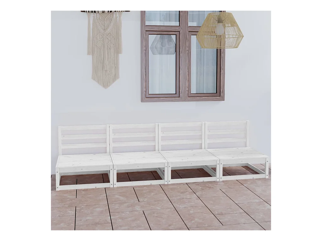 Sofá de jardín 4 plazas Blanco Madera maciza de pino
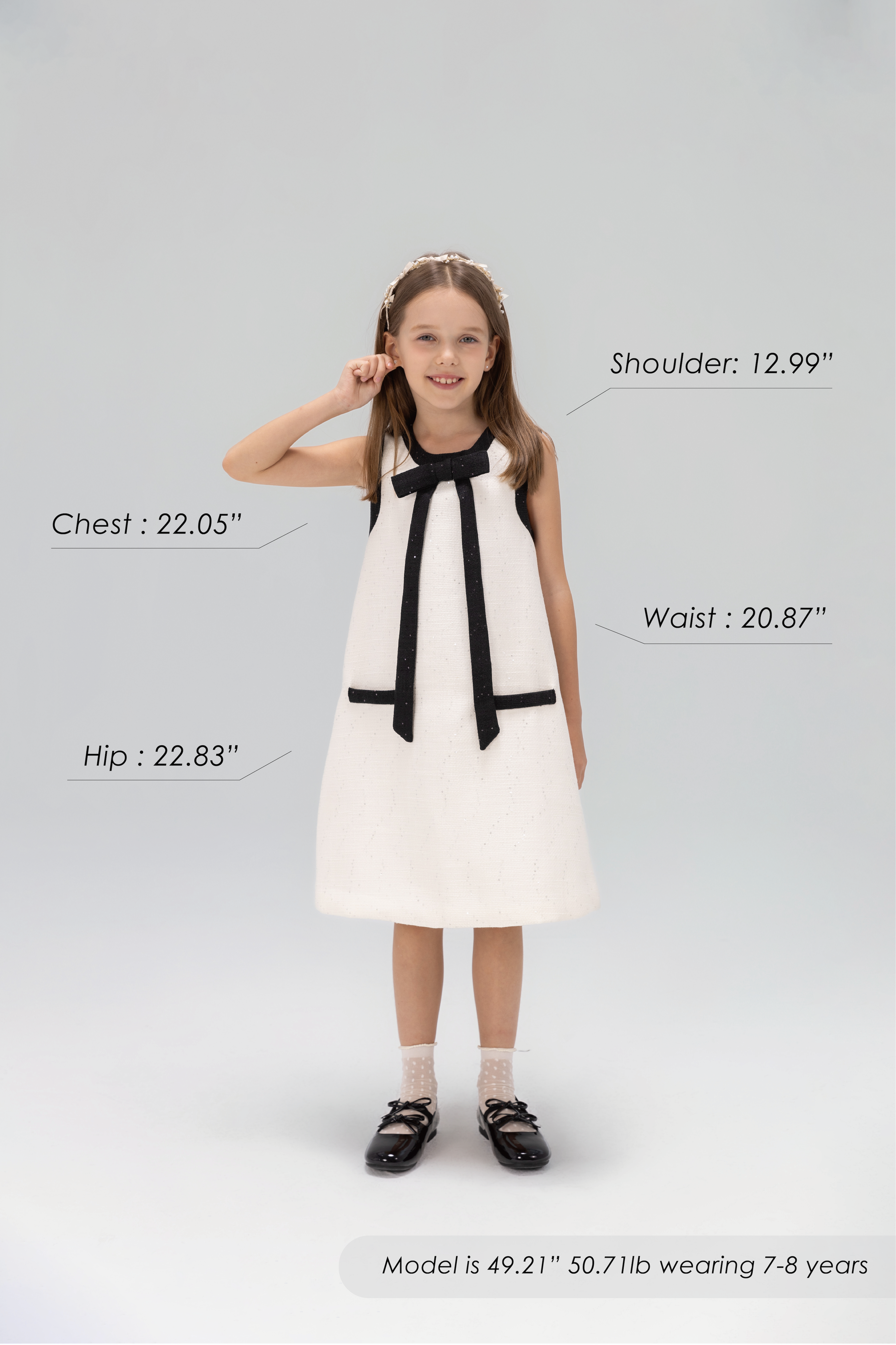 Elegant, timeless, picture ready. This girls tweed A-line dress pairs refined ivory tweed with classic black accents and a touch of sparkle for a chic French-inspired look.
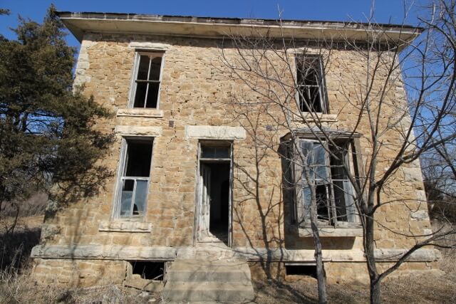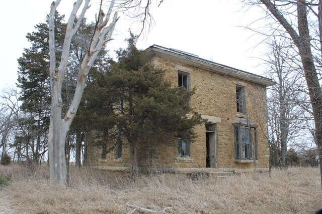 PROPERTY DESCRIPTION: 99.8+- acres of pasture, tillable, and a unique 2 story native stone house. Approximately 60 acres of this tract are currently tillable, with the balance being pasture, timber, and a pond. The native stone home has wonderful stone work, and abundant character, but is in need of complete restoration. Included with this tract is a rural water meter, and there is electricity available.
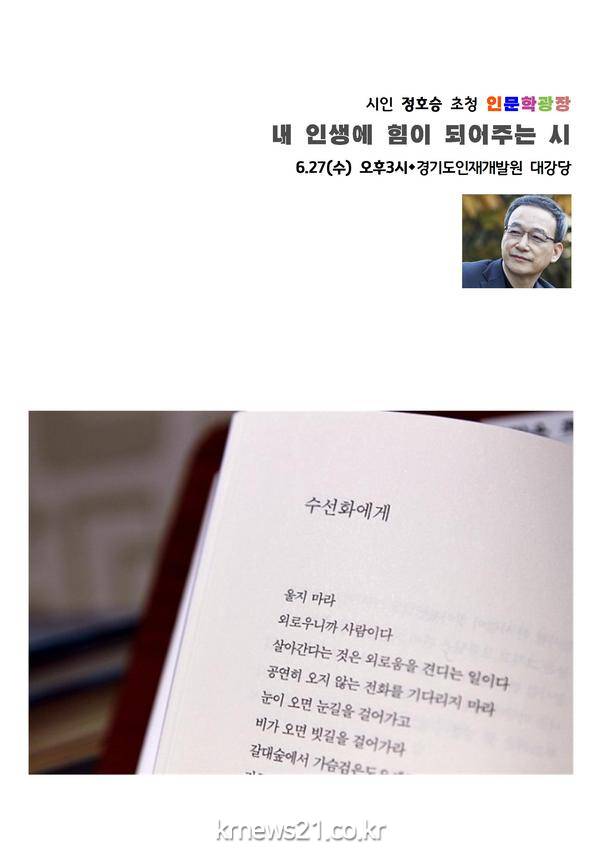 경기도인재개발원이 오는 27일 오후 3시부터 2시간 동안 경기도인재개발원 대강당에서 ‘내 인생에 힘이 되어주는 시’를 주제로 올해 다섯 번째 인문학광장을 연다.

> [Work request] From the line with "Elegant, timeless, picture" up to and including the line with "PROPERTY DESCRIPTION: 99.8+- acres" above, retype every line exactly and nothing more; leave out the pictures.

> [Exercise result]
 Elegant, timeless, picture ready. This girls tweed A-line dress pairs refined ivory tweed with classic black accents and a touch of sparkle for a chic French-inspired look.
 PROPERTY DESCRIPTION: 99.8+- acres of pasture, tillable, and a unique 2 story native stone house. Approximately 60 acres of this tract are currently tillable, with the balance being pasture, timber, and a pond. The native stone home has wonderful stone work, and abundant character, but is in need of complete restoration. Included with this tract is a rural water meter, and there is electricity available.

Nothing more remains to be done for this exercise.